Superposition Is Not Necessary: A Mechanistic Interpretability Analysis of Transformer Representations for Time Series Forecasting

Mechanistic interpretability researchers have challenged a core assumption about transformer success in time series forecasting: that superposition and complex representational tricks are necessary. Using sparse autoencoders to decode PatchTST internals, the work reveals that shallow, narrow transformers match deeper variants on standard benchmarks, and that simple linear baselines like DLinear remain competitive not through architectural accident but through genuine representational efficiency. This finding reshapes how the field should think about model complexity tradeoffs and suggests the transformer's power in forecasting may stem from different mechanisms than those driving NLP dominance.
Modelwire context
ExplainerThe deeper provocation here is methodological: the paper borrows sparse autoencoders, a tool developed for decoding LLM internals, and applies them to time series transformers, suggesting interpretability techniques may transfer across domains more readily than assumed.
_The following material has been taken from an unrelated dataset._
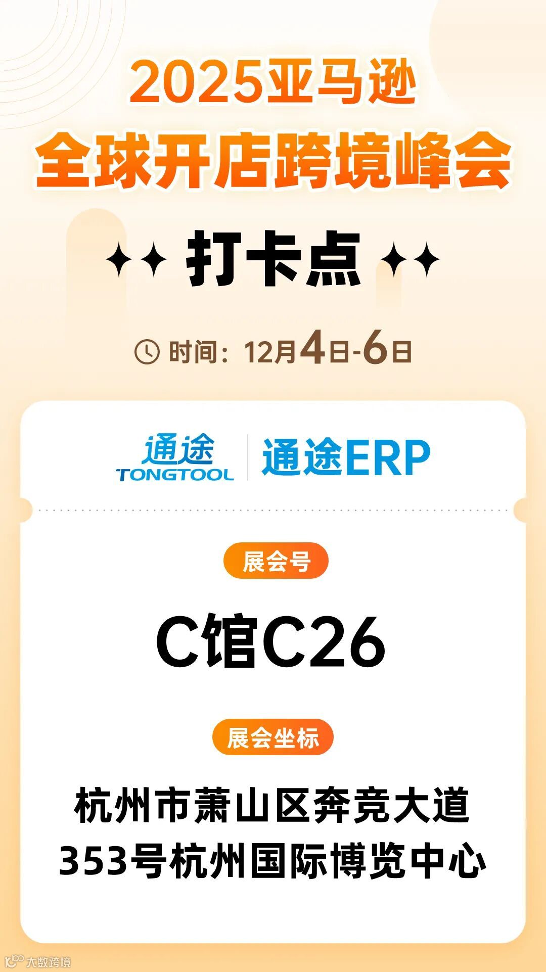 2025亚马逊全球开店跨境峰会将于12月4日至6日在杭州举行,通途ERP诚邀广大跨境卖家莅临展位C26,共赴行业盛会。

That cross-domain application is the buried lede the summary underplays.
This sits in direct tension with the MIT study covered on May 3rd, which identified superposition as the mechanistic driver behind scaling laws in LLMs. That work argued superposition explains why adding parameters reliably helps. This paper argues the opposite holds in time series forecasting: superposition is absent, and shallow models match deep ones. Together, the two papers suggest superposition may be domain-specific rather than a universal property of transformer success, which is a meaningful constraint on how far the MIT scaling explanation generalizes. The local attention expressivity work from May 1st adds a third data point: transformer efficiency gains keep appearing in places where the standard complexity story predicts they shouldn't.
If follow-up work applying sparse autoencoders to other forecasting architectures (N-BEATS, Mamba-based models) finds similarly sparse, non-superposed representations, the case that time series is a structurally distinct regime from NLP becomes hard to dismiss. If those probes instead reveal superposition, the finding here may be PatchTST-specific.
Coverage we drew on
This analysis is generated by Modelwire’s editorial layer from our archive and the summary above. It is not a substitute for the original reporting. How we write it.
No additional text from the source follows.